Изменить размер шрифта - +
Надо было ну в очень сильном раздражении пребывать, чтобы такое написать – о том, что не увидели, не почувствовали христианство, не поняли его все эти люди, которые его же и породили, и предпочли ему вечную маску юродства, маску трагического шутовства. «Этот праздник, это избавление от чертовщины посредственности, этот взлет над скудоумием будней, все это родилось на их земле, говорило на их языке и принадлежало к их племени. И они видели и слышали это и это упустили?» Он говорит очень жесткие вещи, точно описывая еврейский дискурс, такой всегда нарочито слабый и трогательный, а внутри всегда страшно сильный, жестковыйный, в каком-то смысле непобедимый. Вот эту маскировку страшной внутренней силы такой внешней слабостью, кротостью, трогательностью, беспомощностью и так далее.

Все, что там сказано об этой маске, все, что сказано об этом сочетании иронии и скорби, которым подменено настоящее христианство, которого они просто не увидели, не почувствовали его – все это сказано человеком в состоянии предельного раздражения и против собственной природы, и природы окружающих его людей, но ничего не поделаешь, вот этот упертый принципиальный иудаизм, который так старомоден на фоне христианства… Ну вот замечательно же сказал в свое время Мережковский: «Когда-то греческая философия казалась мне вершиной горы, а потом я поднял голову и увидел, что над горой есть звезды – вот это было христианство». Вот точно так же Пастернак не может понять иудейского ползучего упрямства, иудейской верности Каббале, иудейской верности Закону, Букве, Книге. Все это для него совершенно непонятно. Это для него какие-то ползучие, горизонтальные вещи, тогда как он уже видит только вертикаль.

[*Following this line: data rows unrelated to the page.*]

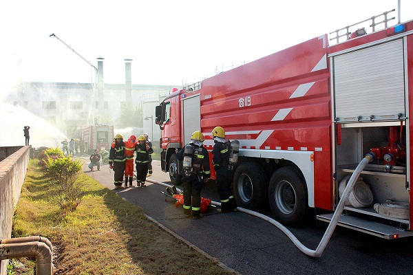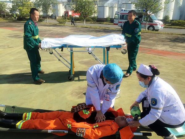? ? ? ? 演練現(xiàn)場(chǎng)設(shè)置在司能石油化工有限公司D401原材料儲(chǔ)罐外,演練科目設(shè)置為員工在對(duì)儲(chǔ)罐進(jìn)行補(bǔ)焊作業(yè)時(shí)突發(fā)火災(zāi),火災(zāi)現(xiàn)場(chǎng)臨近柴油儲(chǔ)罐,兩名微型消防人員進(jìn)行自救時(shí)受傷、昏迷被困現(xiàn)場(chǎng)。演練按先期應(yīng)急處置,企業(yè)自救和緊急疏散,消防大隊(duì)和120急救中心人員現(xiàn)場(chǎng)一起出動(dòng)應(yīng)急救援,污染排查,總結(jié)等五個(gè)環(huán)節(jié)進(jìn)行。整個(gè)演練過程環(huán)環(huán)相扣,有條不紊,各應(yīng)急隊(duì)伍、救援隊(duì)伍緊密配合,協(xié)同作戰(zhàn),最終成功控制了事故損失的進(jìn)一步擴(kuò)大,消除了事故的危害,獲得了圓滿成功。演練歷時(shí)約1小時(shí)30分,共有95人參加演練,出動(dòng)消防車6輛,120急救車1輛,以及安監(jiān)、交警、環(huán)保等應(yīng)急救援車輛3部。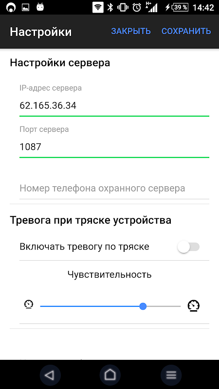 Tryb alarmu -Aktivatsiya przez potrząsanie telefonem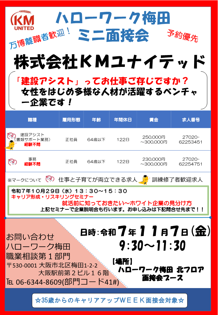 大阪府内のハローワークにおいて、概ね35歳~59歳の求職者を対象とした面接会を開催します。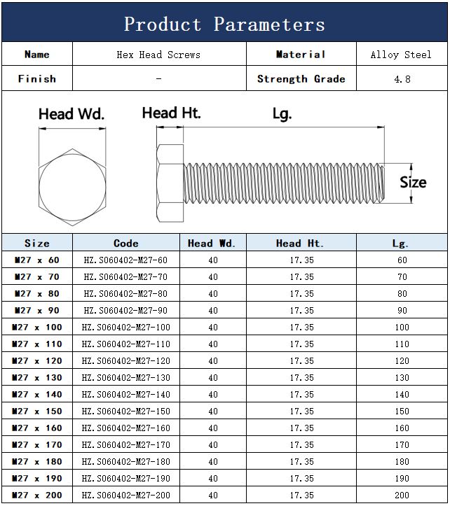 DIN933 Grade 4.8 M27 Alloy Steel Hex Head Bolts 分类: Alloy Steel, Hex Head Bolts Description Product Inquiry NameHex Head ScrewsMaterialAlloy SteelSizeM27Finish–Strength GradeGrade 4.8"" 1 NameEmailProductQuantityYour Message0 / SendPreviousNextShare This Tweet Share Plus one Share 相关产品 M10 304 Stainless Steel Serrated-Flange Hex Head Bolts Grade 4.8 M10 Zinc Plated Flanged Hex Head Bolts M8 304 Stainless Steel Extra-Wide Serrated-Flange Hex Head Bolts Grade 10.9 M10 Alloy Steel Serrated-Flange Hex Head Bolts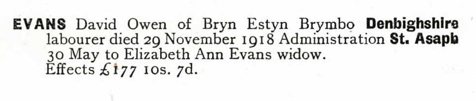 A probate reference for a David Owen Evans exists….. If this is the same man, it states that he left his estate of £177 10s 7d to his widowed mother.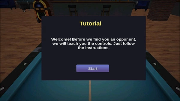 1. 打开3D台球游戏手机版,点击“Start”启动,随即会进入新手引导教程。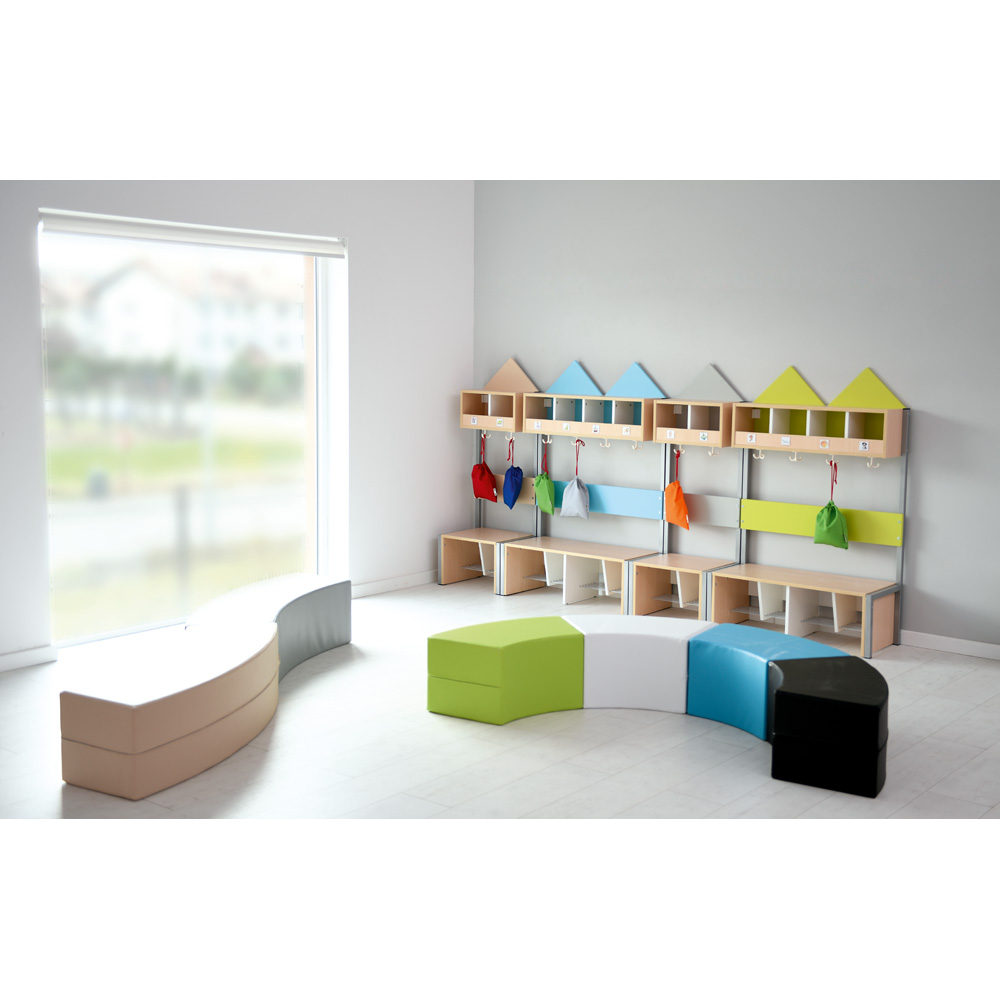 Die Bogenschränke eignen sich hervorragend als Raumteiler. Die Schrankform entspricht 1/8-Kreis.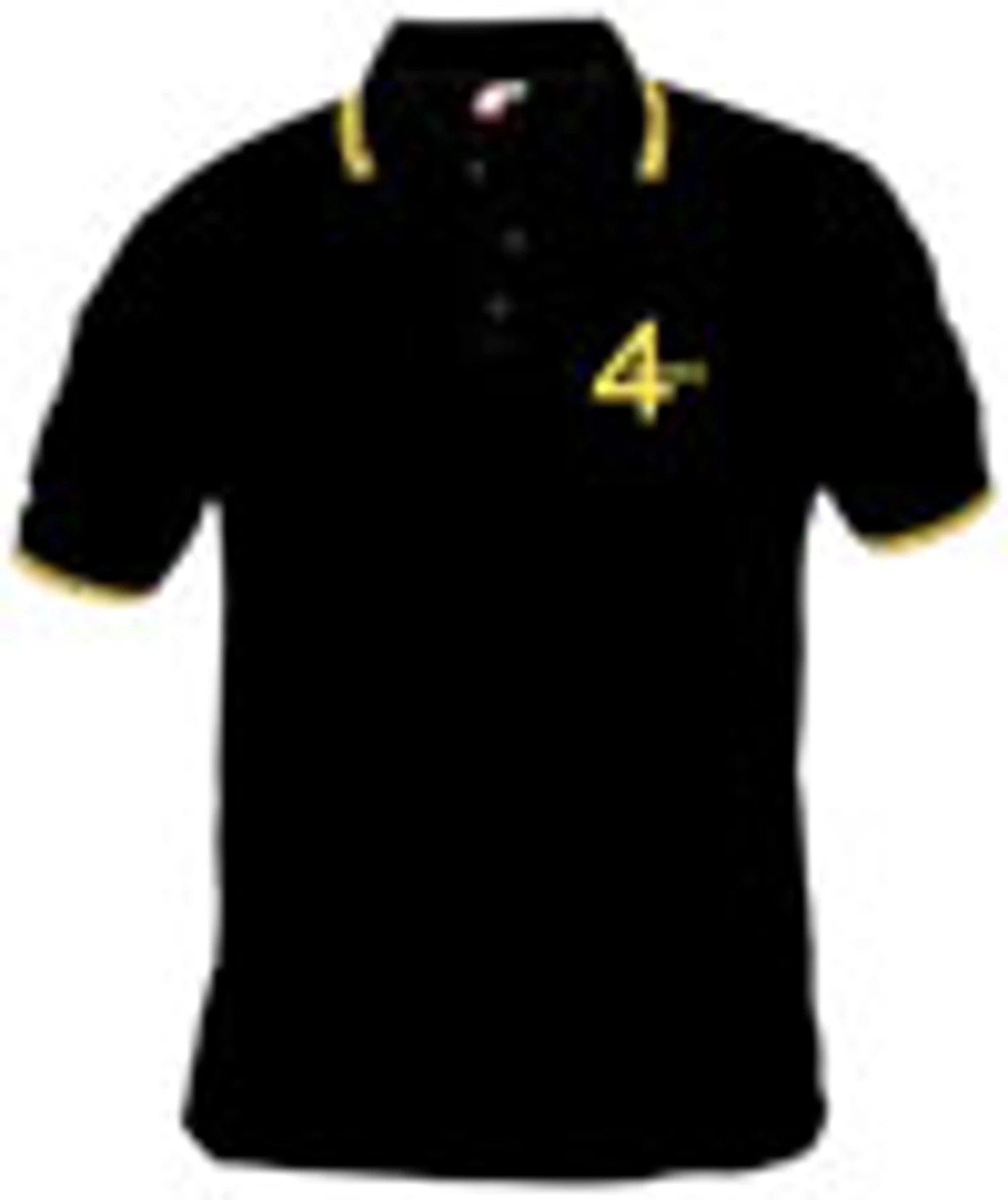 Schwarzes Polohemd aus 100% Baumwolle mit 2-er Knopfleiste. Kontraststreifen an Ärmel und Kragen in goldgelb und „4 Skins“ Logo als 1-farb Bestickung auf linker Brustseite.</p>

Еще более горькие, раздраженные слова говорятся о русской действительности, когда пришла революция, когда увлеченный ею доктор говорит: «Какая великолепная хирургия! Взять и разом артистически вырезать старые вонючие язвы!» Это не очень докторские, не очень живаговские слова. Но тем не менее это последняя стадия раздражения глупостью, гниением, разложением. Это пастернаковское увлечение –

Это время «предательства и каверз», как правильно сказано в «Высокой болезни» о предреволюционной поре.

Вдруг петровский фрегат опять перед нами. И, конечно, здесь можно понять раздражение против прежней жизни.

Дальше начинается главное, самое страшное раздражение. Дальше он начинает говорить про Советскую власть. И вот здесь тон для Советской власти у него только один: подите вы все к черту! Как невозможно читать эти декреты с их бесконечным словоблудием, эти споры о хлебе, когда нет хлеба. И это совершенно точно. Это самое точное, что можно сказать: споры о хлебе, которого нет.

Советская власть представляется Пастернаку уродливой и мучительной именно потому, что она всех хочет осчастливить против воли, что история пытается навязать себя в качестве морального авторитета. А ведь история, по Пастернаку, это лес, среди которого мы живем. Мы застаем его весной или осенью, и мы пытаемся к нему приноровиться.

Но история настоящая начинается, конечно, со свободной личности. А история леса никого не интересует. История – это вторжение Бога в мир.

И вот страшная мертвечина большевизма, желающего осчастливить всех подряд и всех вокруг, – это главный предмет раздражения в «Докторе…». Вспомним замечательный монолог, с которым доктор обращается к командиру отряда – вы решили меня спасти от моей жены, от моей семьи, от всего, что мне дорого, и от всего, что я люблю. И теперь еще вы мне не даете спать вашими разговорами.

Когда доктор читает декреты, он поражается их такой же, как иудаизм, ползучей речи, абсолютно не знающей высоты, не знающей вертикали, выражается в их казуистике, когда описывается лекция, которую читает заезжий лектор, мы поражаемся тому, какие это мертвые слова, дикие, и как тем не менее этот лектор стоит перед молодым командиром отряда и хочет ему понравится, а тот ему хамит откровенно, чувствуя себя в своем праве.